United States District Court, D. Connecticut
Sep 6, 2011
CIVIL ACTION NO. 3:11-CV-00439 (JCH) (D. Conn. Sep. 6, 2011)

Opinion

CIVIL ACTION NO. 3:11-CV-00439 (JCH).

September 6, 2011


RULING ON DEFENDANT'S MOTION TO DISMISS (Doc. No. 28)


I. INTRODUCTION

Plaintiff, Andrea Pirrotti, brings this suit against Respironics, Inc. ("Respironics"), alleging that Respironics engaged in a fraudulent asset transfer and demanding enforcement of a prior judgment, punitive damages, and attorneys' fees based on their successorship liability.

Pirrotti originally filed suit against Western Cape Direct, LLC as well. On August 29, 2011, Pirrotti voluntarily dismissed all claims against Western Cape Direct, LLC. See Doc. Nos. 47, 48.

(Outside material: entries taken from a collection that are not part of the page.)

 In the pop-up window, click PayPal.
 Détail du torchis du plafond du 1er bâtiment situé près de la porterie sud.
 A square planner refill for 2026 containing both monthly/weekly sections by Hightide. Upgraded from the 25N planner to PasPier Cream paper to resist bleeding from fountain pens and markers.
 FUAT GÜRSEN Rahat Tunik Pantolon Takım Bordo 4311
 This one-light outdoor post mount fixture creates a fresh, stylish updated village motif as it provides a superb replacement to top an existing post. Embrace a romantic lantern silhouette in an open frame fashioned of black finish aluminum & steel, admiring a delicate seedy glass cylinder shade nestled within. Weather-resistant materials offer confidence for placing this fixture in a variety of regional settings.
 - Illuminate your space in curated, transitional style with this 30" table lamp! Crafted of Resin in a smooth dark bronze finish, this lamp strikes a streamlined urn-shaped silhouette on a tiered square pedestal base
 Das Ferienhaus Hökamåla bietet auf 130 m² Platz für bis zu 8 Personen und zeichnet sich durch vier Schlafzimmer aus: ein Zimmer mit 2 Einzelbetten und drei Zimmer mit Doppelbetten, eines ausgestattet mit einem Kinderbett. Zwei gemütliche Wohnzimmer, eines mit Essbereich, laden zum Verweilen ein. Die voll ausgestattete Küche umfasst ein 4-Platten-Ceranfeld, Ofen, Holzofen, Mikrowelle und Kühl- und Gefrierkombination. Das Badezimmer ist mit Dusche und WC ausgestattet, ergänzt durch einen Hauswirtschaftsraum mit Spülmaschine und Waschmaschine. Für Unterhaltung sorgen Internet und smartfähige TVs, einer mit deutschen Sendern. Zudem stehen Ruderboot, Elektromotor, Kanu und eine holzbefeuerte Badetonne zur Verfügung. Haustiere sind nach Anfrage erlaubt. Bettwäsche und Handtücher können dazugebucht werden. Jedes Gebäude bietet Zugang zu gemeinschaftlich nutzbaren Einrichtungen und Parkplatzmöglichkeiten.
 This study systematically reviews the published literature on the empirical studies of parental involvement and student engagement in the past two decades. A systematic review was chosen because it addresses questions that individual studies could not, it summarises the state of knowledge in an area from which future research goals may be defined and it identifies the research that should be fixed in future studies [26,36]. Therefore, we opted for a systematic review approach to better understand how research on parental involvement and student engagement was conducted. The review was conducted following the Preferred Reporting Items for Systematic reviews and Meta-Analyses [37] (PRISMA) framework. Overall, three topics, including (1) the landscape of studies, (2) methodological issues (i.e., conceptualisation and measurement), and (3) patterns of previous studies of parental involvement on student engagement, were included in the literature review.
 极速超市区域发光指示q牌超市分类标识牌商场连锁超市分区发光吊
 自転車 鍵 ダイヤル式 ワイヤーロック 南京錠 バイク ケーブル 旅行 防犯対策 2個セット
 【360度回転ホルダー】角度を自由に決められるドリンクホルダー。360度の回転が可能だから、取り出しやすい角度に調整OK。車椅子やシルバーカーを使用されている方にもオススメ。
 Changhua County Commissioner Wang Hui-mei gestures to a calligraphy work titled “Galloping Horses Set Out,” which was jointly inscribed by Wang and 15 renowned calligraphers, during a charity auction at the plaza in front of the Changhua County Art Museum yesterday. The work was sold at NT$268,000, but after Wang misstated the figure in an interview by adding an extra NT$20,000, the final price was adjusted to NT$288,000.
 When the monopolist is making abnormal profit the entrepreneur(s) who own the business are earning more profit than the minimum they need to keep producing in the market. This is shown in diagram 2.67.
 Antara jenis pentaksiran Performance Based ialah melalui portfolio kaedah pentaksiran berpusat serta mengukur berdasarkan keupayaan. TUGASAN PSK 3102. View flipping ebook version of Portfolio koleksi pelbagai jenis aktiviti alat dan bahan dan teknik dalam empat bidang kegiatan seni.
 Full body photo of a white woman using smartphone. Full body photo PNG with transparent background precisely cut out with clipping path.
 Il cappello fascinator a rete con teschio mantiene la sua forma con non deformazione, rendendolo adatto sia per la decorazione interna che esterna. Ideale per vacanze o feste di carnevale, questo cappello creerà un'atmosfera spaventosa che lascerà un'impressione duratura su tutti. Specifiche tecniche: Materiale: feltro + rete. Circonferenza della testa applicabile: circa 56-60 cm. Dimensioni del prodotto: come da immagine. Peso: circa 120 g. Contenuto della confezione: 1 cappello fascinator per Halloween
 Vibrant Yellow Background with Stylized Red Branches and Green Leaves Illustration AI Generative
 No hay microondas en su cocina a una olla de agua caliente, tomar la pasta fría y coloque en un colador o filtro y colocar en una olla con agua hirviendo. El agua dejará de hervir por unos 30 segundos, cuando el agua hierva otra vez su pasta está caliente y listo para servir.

Pirrotti originally filed her Complaint on March 22, 2011. In response, Respironics filed a Motion to Dismiss on May 19, 2011. Pirrotti then filed as of right an Amended Complaint ("Amd. Compl.") on May 27, 2011. Respironics again filed a Motion to Dismiss and Strike in response on June 10, 2011.

In accordance with federal practice, the Amended Complaint supersedes the original complaint and "the original pleading no longer performs any function in the case. . . ." 6 Charles Alan Wright Arthur R. Miller, Federal Practice and Procedure § 1476 (2010). The court will consider plaintiff's Amended Complaint and thus only Respironics's June 10, 2011 Motion to Dismiss and Strike.

In response to the Amended Complaint, Respironics argues that Pirrotti has failed to state a claim upon which relief can be granted because she has failed to allege facts that would support the conclusion that Respironics is subject to successor liability or that awarding attorney fees is proper, and she has included allegations that are irrelevant to her claim. See Mem. Supp. Def. Respironics Mot. Dismiss Strike at 6, 10-11 (hereafter "Mem. Supp. Mot. Dismiss Strike").

For the reasons that follow, the court grants in part and denies in part Respironics's Motions to Dismiss and Strike.

II. BACKGROUND

For the purposes of this Motion to Dismiss, the court takes the factual allegations in the Amended Complaint as true, and draws all reasonable inferences in favor of the plaintiff.

Pirrotti was an employee of Helicor, Inc. ("Helicor"), and was hired by Adam Forbes, Helicor's sole stockholder. Amd. Compl. at ¶¶ 14, 24. During Pirrotti's employment at Helicor, Forbes unlawfully withheld commissions from her, which prompted her to file a suit for breach of contract on February 6, 2009. Id. at ¶ 25. On August 28, 2009, the court awarded Pirrotti a judgment in the amount of $76,710.00, plus interest at 10%, accruing from February 1, 2008. Id. at ¶¶ 11, 25-26, 39.

Pirrotti's Amended Complaint is inconsistent regarding the date Forbes hired her. See Amd. Compl. at ¶ 14; cf. Amd. Compl. at ¶ 24.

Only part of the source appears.